H-Bonds	In this information 9 minus number of unsatisfied hydrogen bonds, an additional 1 is subtracted for a buried backbone nitrogen, 4 for buried sidechain.
Inout	It is absolute inside/outside distribution Z-score per residue, Z-scores in the range [4..2] are mapped to [0..9].
Nalign	This information contains number of alignments in the HSSP file on a logarithmic scale: calculate 10^((N-1)*0.25) to get an estimate (N is in [0..9]). The number on the right side is the average number of HSSP alignments per residue.
Nindel	It is sum of insertions and deletions, on the same logarithmic scale as Nalign. Again the number on the right is the non-logarithmic average over all residues.

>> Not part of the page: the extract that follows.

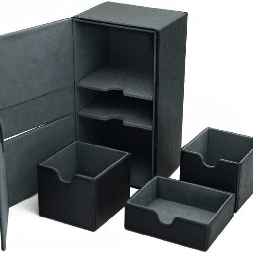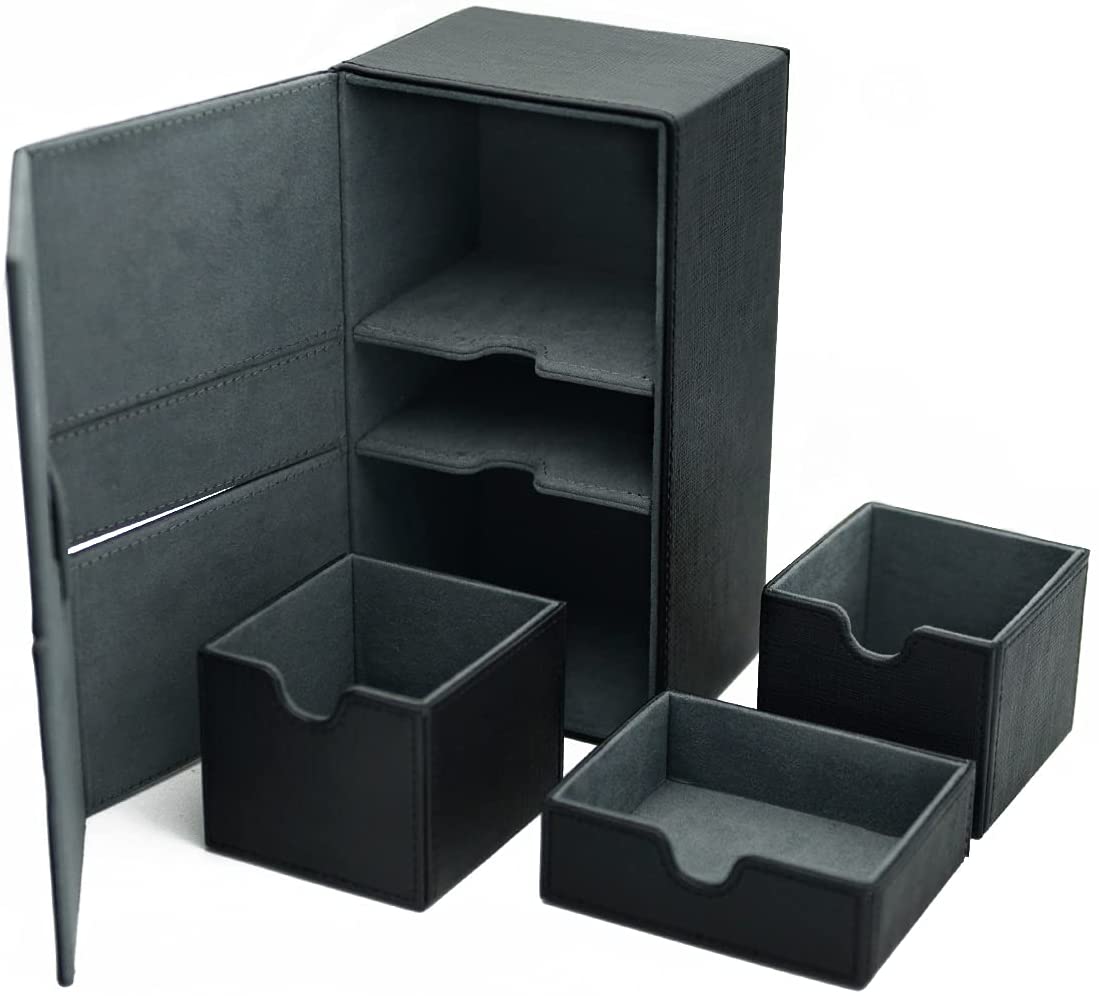 Scimi X-Large Premium Double Deck Box for 200+ Sleeved Cards Pro Twin Flip Deck Case with 3 Tray Fits MTGTCGCCG (Elegant Cross Pattern), Black

Packing-1	First packing quality Z-score, Z-scores in the range [-5..+5] are mapped to [0..9].
Packing-2	This is Packing-2 download option. Second packing quality Z-score, Z-scores in the range [-3..+3] are mapped to [0..9].
Peptide-Pl	In this information, RMS distance of the backbone oxygen from the oxygen in similar backbone conformations found in the database, distances in the range [3..1] are mapped to [0..9]. If less than 10 hits are found, there are not sufficient data to perform the following two checks.
Phi/Psi	Ramachandran Z-score per residue, Z-Scores in the range [-4..+4] are mapped to [0..9].
Planarity	Z-score for the planarity of the residue sidechain, Z-Scores in the range [6..2] are mapped to [0..9]. Residues without planar side-chains score '9'.
Present	This allows to download Present information. It is 9 minus the number of missing atoms per residue.
Rotamer	Probability that the sidechain rotamer (chi-1 only) is correct, probabilities in the range [0.1 .. 0.9] are mapped to [0..9]. Gly, Ala and Pro always score '9'.
Torsions	Average Z-score of the torsion angles per residue, Z-Scores in the range [-3..+3] are mapped to [0..9].
Chi-1/chi-2	Z-score for the sidechain chi-1/chi-2 combination, Z-scores in the range [-4..+4] are mapped to [0..9]. Residues with only <=1 side-chain torsion angle score '9'.